Baz Luhrmann does his ostentatious thing with Strictly Ballroom
Every day, Watch This offers staff recommendations inspired by a new movie coming out that week. This week: With Battle Of The Year 3-D waltzing into theaters, we look back on other movies about dancers.
Strictly Ballroom (1992)
Baz Luhrmann (Moulin Rouge!, this year’s The Great Gatsby) validates his own outlandish cinematic style with Strictly Ballroom, the Australian’s debut feature based on his own stage play. Risking his career by choosing to do his own idiosyncratic “crowd-pleasing” moves, ballroom dancer Paul Mercurio upsets everyone—controlling mom Pat Thomson, dance-federation bigwig Bill Hunter, partner Gia Carides—by throwing caution to the wind and teaming up with novice Tara Morice. Embracing the paso doble techniques he learns from Morice’s Spanish gypsy relatives, Mercurio sends his subculture into utter disarray. Compelled to spark a revolution by letting his flamboyant creativity fly, he’s an uninhibited maverick in a distinctly Luhrmann mold. The director mirrors his protagonist’s wild spirit via outrageous aesthetic choices: cartoony close-ups, whooshing pans and zooms, garishly glittery costumes, sappy pop-song covers (specifically, Cyndi Lauper’s “Time After Time”), and a theatricality made plain by bookending opening and closing red-velvet stage curtains.
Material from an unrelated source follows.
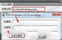 3、然后打开软件包,运行注册机文件T20Keygen_v2.00.exe,选中安装IDh号复制到注册机的机器码中,并点击“生成注册码”按钮。

Like Mercurio spicing up Hunter’s time-honored dance numbers with his own distinctive touches, Luhrmann weds his audio-video grandiosity to narrative clichés. Strictly Ballroom’s story about challenging the status quo in search of liberating personal expression plays out with rigorous predictability. The director’s exaggerated approach pushes the proceedings to the brink of outright parody. However, the affection he clearly has for his narrative formulas and archetypes is so enthusiastic that the action comes to feel like a tribute to the enduring power of age-old routines, and the way in which dressing them up with novel embellishments doesn’t destroy them but, in fact, serves to enhance their lasting appeal and affect. Giddy, glitzy, and gaudy, it’s a film that bucks convention in order to celebrate it, right up to a delirious finale that climaxes with that most hoary of devices, the slow-clap.
Availability: Strictly Ballroom is available on Blu-ray and DVD (as part of Baz Luhrmann’s Red Curtain Trilogy), for rental or purchase from the major digital services, and to stream through Netflix.